In the records below, find the line holding "4.無(wú)上下影線(xi" and the line holding "그런데, 눈앞에 다시 보인 쌍곡폭포 표시. 이곳을 따라 내려가보니...". Set down both, with every line between them, exactly.

■ THE DATA:

◇ ◇ ◇

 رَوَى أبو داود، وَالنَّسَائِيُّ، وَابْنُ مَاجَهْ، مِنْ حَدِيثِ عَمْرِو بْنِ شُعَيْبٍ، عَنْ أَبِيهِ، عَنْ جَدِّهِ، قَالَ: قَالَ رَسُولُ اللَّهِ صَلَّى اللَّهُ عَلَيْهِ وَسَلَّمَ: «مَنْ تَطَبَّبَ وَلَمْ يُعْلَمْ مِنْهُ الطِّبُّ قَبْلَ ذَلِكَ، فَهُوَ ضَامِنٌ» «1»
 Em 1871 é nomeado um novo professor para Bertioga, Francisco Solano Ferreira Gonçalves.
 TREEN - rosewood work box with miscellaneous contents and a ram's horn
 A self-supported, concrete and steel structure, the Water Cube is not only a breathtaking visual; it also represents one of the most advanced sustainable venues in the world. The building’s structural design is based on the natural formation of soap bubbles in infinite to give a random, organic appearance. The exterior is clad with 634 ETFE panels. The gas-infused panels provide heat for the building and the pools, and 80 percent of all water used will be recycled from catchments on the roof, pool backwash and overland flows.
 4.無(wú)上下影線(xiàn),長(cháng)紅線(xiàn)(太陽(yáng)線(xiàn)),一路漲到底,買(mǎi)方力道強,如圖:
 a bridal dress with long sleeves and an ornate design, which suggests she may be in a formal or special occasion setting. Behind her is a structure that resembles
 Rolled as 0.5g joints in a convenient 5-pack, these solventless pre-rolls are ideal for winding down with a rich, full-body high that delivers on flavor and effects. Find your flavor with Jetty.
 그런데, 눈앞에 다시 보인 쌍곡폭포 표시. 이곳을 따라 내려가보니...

◇ ◇ ◇

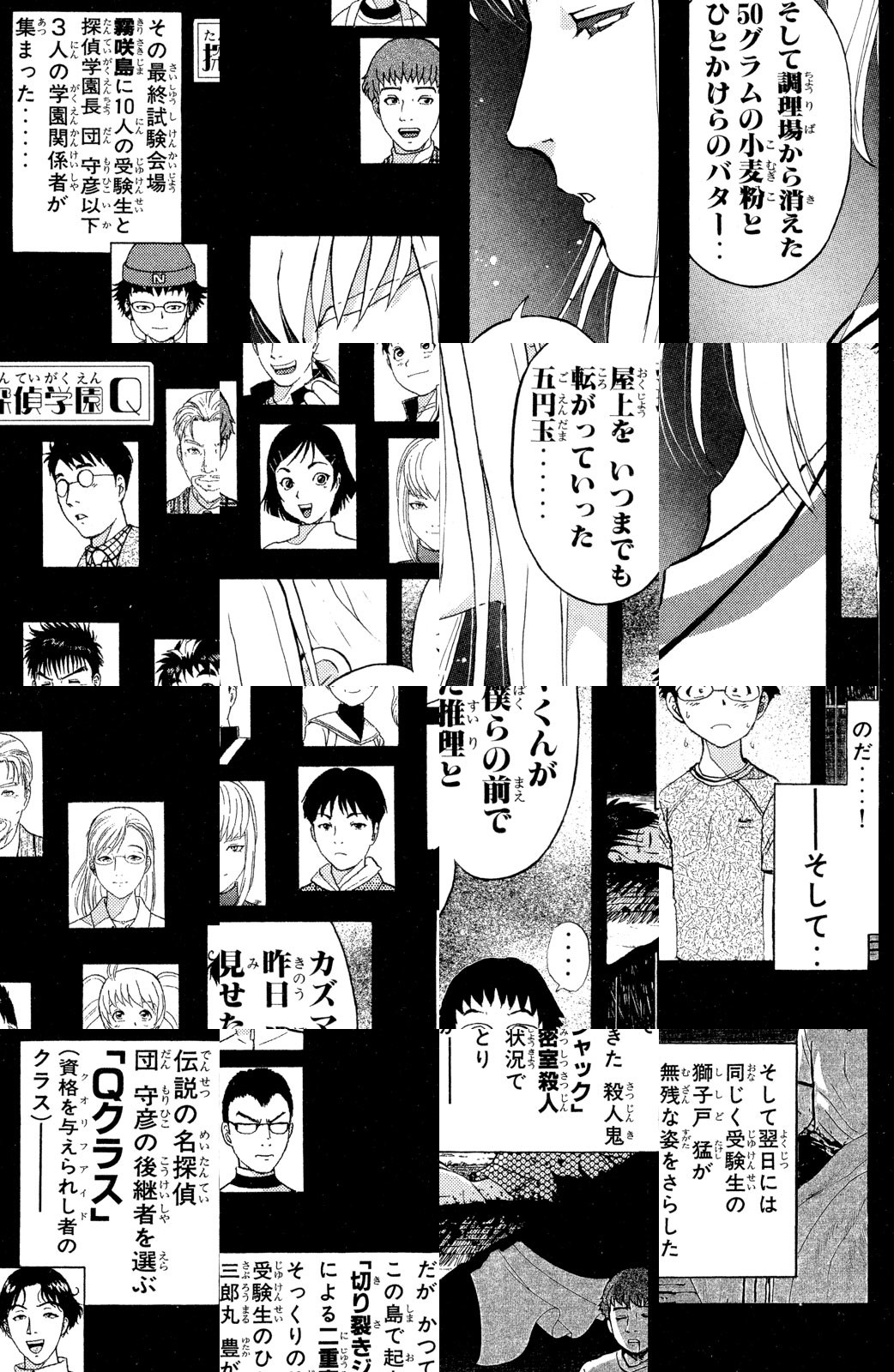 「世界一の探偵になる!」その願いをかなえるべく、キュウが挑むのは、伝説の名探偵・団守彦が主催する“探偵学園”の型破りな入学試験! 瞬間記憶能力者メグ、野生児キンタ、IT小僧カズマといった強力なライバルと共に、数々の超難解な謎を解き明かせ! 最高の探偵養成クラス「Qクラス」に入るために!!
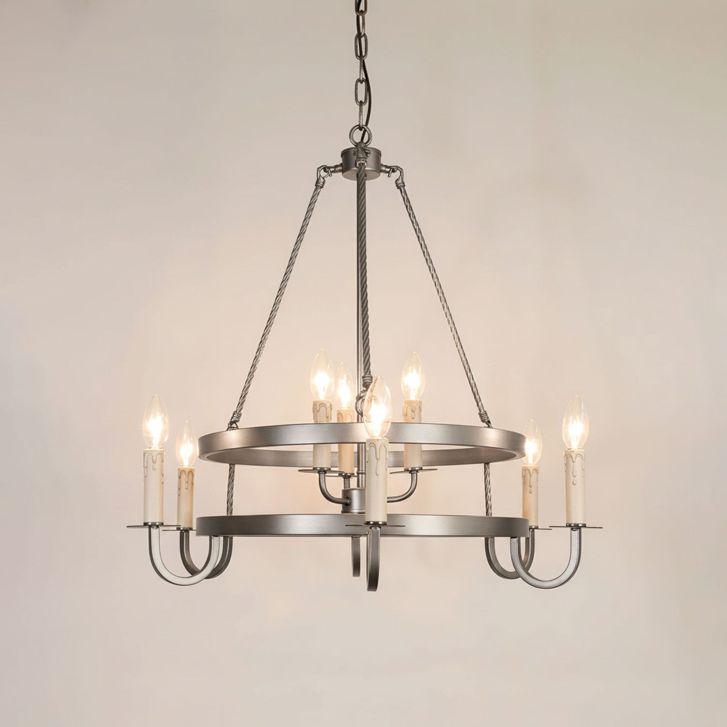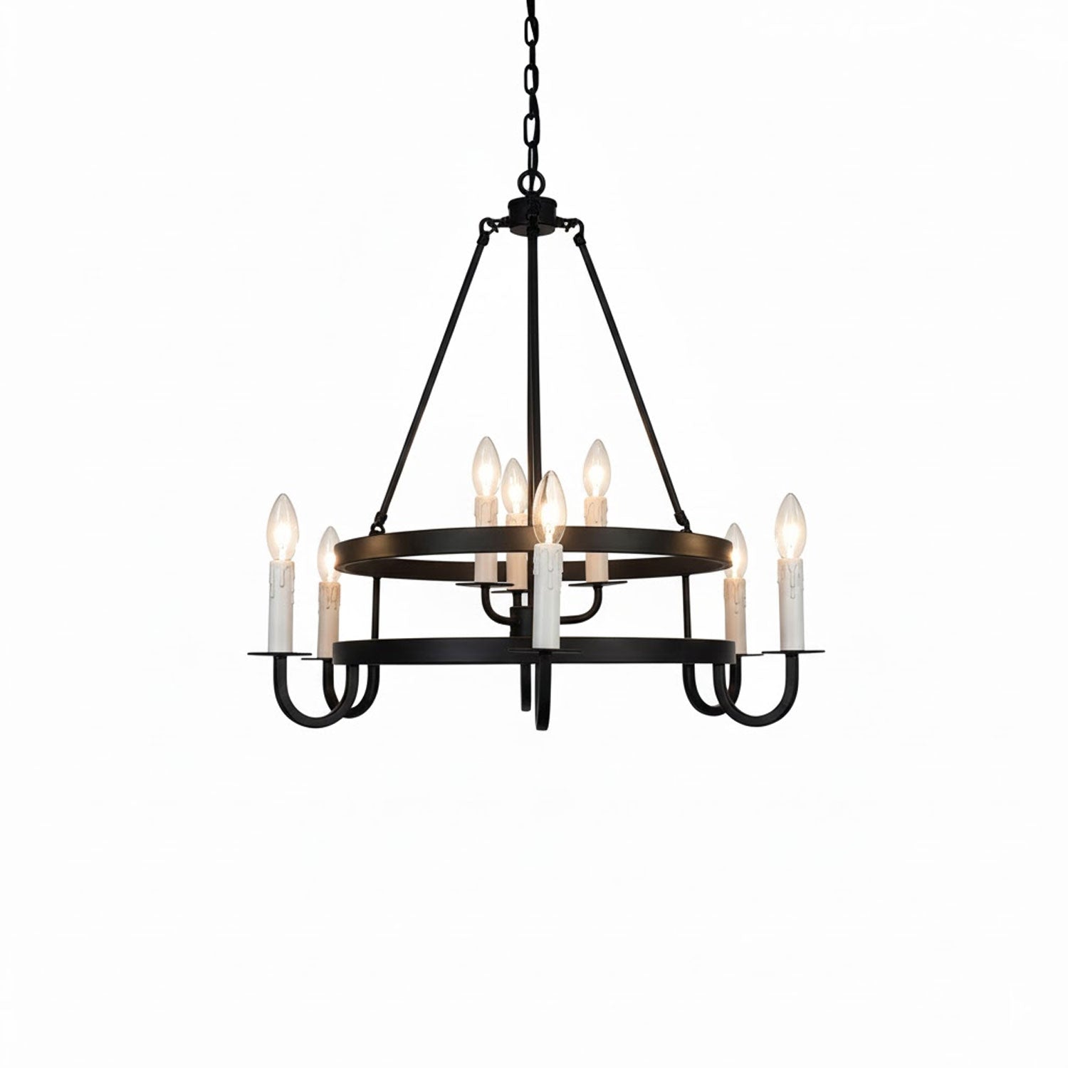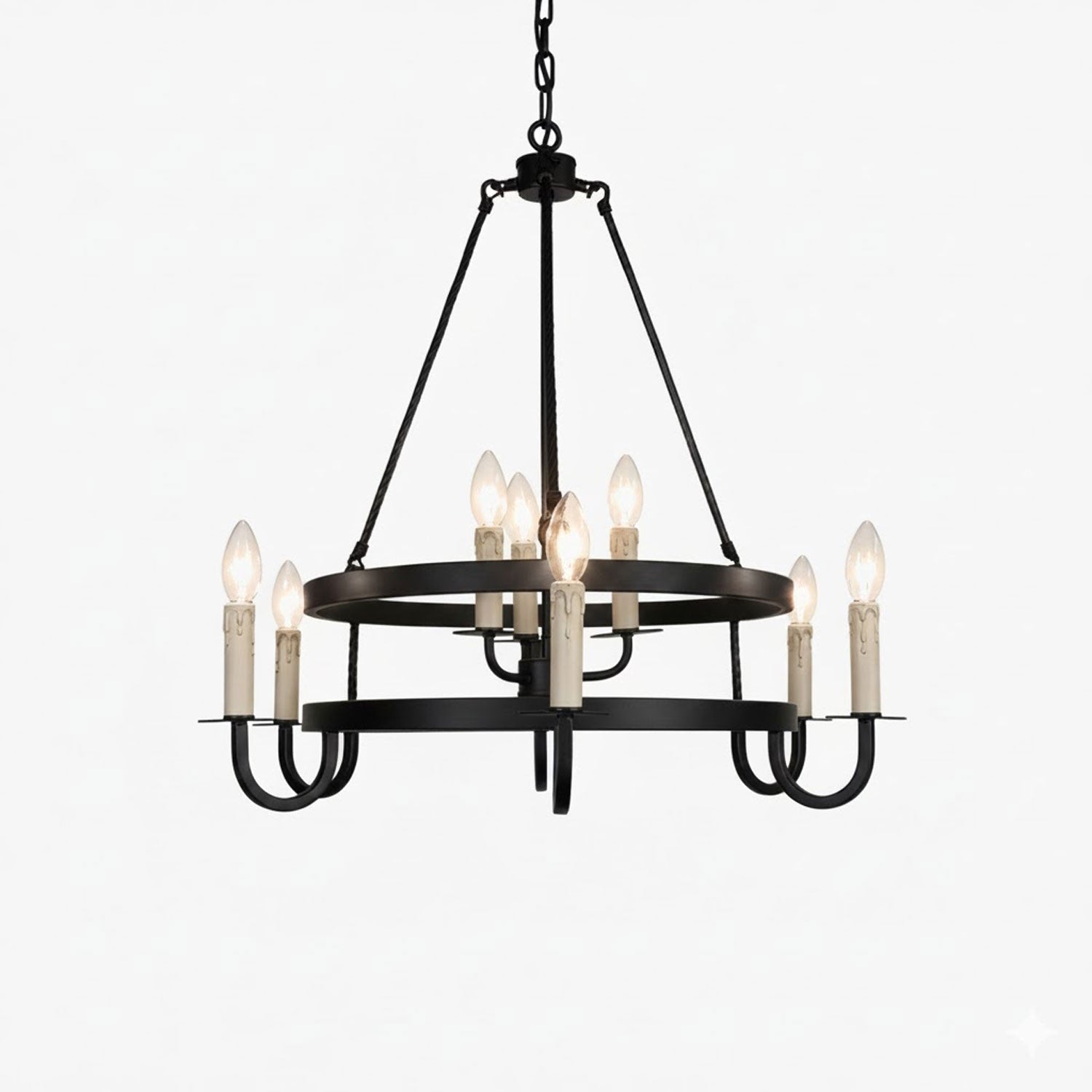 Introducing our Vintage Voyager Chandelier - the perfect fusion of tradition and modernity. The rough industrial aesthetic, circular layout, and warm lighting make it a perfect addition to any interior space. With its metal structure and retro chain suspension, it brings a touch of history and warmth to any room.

◇ ◇ ◇

■ EXERCISE SOLUTION:
 4.無(wú)上下影線(xiàn),長(cháng)紅線(xiàn)(太陽(yáng)線(xiàn)),一路漲到底,買(mǎi)方力道強,如圖:
 a bridal dress with long sleeves and an ornate design, which suggests she may be in a formal or special occasion setting. Behind her is a structure that resembles
 Rolled as 0.5g joints in a convenient 5-pack, these solventless pre-rolls are ideal for winding down with a rich, full-body high that delivers on flavor and effects. Find your flavor with Jetty.
 그런데, 눈앞에 다시 보인 쌍곡폭포 표시. 이곳을 따라 내려가보니...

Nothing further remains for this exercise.